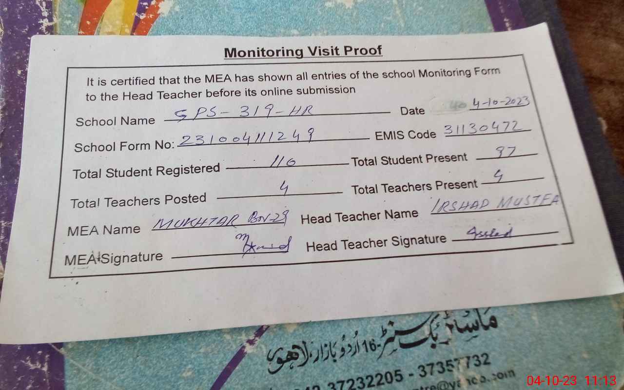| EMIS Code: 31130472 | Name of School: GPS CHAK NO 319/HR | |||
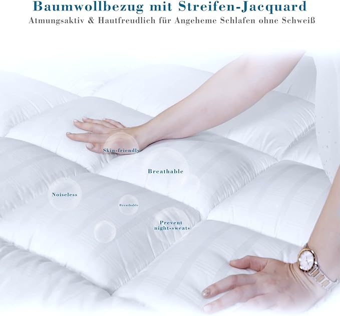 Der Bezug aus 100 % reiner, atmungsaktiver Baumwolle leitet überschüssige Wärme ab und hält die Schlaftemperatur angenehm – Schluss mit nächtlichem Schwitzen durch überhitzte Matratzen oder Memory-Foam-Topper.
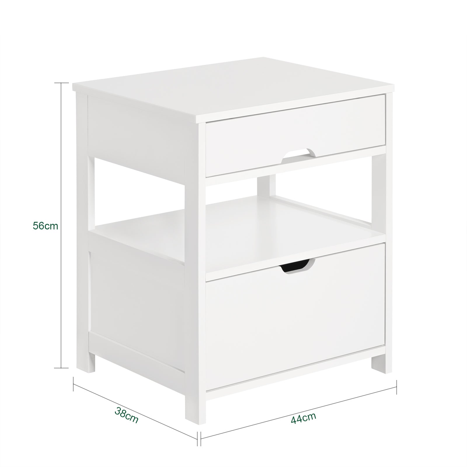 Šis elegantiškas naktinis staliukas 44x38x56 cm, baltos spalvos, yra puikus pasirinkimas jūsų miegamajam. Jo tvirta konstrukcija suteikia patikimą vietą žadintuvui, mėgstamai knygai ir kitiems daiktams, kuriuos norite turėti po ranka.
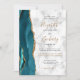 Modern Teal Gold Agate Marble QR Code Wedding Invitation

◇ ◇ ◇ ◇ ◇

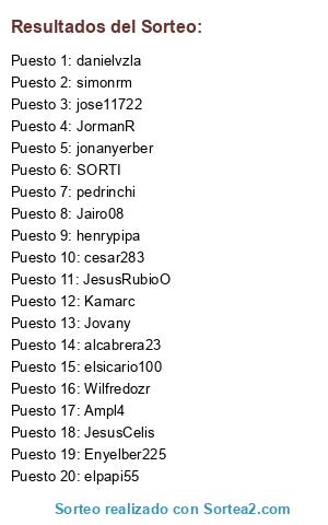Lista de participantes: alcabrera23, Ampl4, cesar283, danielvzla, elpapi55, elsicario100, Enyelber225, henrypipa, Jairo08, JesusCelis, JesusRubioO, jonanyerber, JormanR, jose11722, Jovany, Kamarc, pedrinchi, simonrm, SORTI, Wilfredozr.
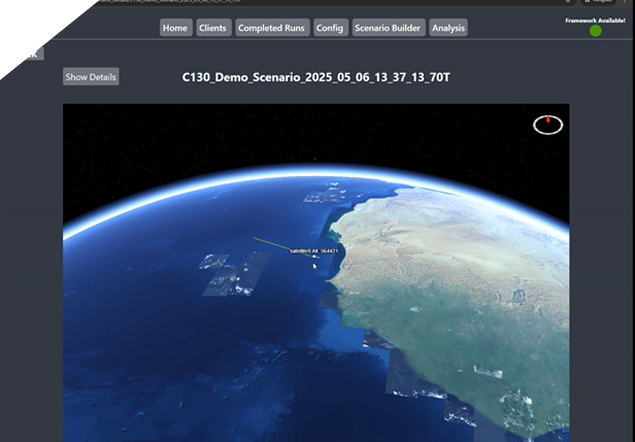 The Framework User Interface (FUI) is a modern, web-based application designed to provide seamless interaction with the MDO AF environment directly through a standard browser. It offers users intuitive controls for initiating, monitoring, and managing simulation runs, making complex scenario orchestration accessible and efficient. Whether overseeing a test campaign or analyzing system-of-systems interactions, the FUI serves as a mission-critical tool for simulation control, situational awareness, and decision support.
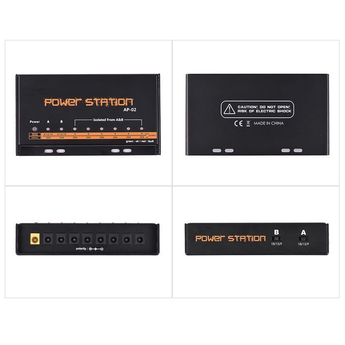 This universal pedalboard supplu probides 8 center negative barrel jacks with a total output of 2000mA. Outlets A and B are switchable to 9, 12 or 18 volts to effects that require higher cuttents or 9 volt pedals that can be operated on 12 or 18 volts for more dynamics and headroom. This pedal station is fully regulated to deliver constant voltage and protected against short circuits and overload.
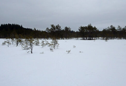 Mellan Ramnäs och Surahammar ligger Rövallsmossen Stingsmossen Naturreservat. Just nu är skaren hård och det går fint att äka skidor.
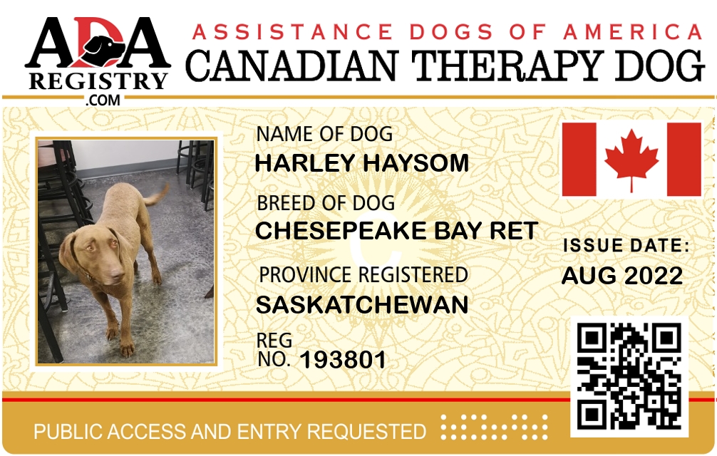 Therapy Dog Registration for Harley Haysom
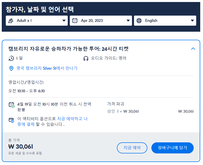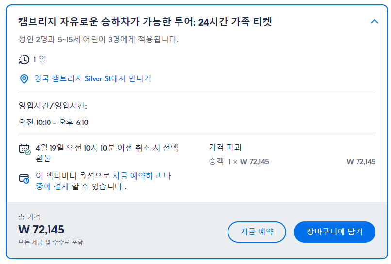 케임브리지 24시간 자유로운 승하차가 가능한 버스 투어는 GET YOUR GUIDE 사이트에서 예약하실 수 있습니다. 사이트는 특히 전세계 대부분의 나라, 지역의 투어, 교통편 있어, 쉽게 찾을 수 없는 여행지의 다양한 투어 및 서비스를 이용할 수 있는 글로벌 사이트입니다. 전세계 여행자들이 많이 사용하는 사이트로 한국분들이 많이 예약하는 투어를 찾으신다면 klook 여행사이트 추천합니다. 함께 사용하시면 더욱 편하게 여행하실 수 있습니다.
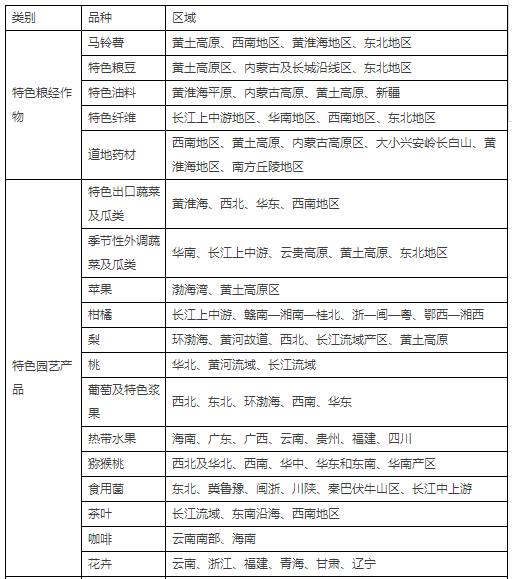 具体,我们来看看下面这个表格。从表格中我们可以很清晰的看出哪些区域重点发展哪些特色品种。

◇ ◇ ◇ ◇ ◇

Reproduce the lines above starting at the one with "The Framework User" and ending at the one with "This universal pedalboard", both included, exactly and with no pictures.

 The Framework User Interface (FUI) is a modern, web-based application designed to provide seamless interaction with the MDO AF environment directly through a standard browser. It offers users intuitive controls for initiating, monitoring, and managing simulation runs, making complex scenario orchestration accessible and efficient. Whether overseeing a test campaign or analyzing system-of-systems interactions, the FUI serves as a mission-critical tool for simulation control, situational awareness, and decision support.
 This universal pedalboard supplu probides 8 center negative barrel jacks with a total output of 2000mA. Outlets A and B are switchable to 9, 12 or 18 volts to effects that require higher cuttents or 9 volt pedals that can be operated on 12 or 18 volts for more dynamics and headroom. This pedal station is fully regulated to deliver constant voltage and protected against short circuits and overload.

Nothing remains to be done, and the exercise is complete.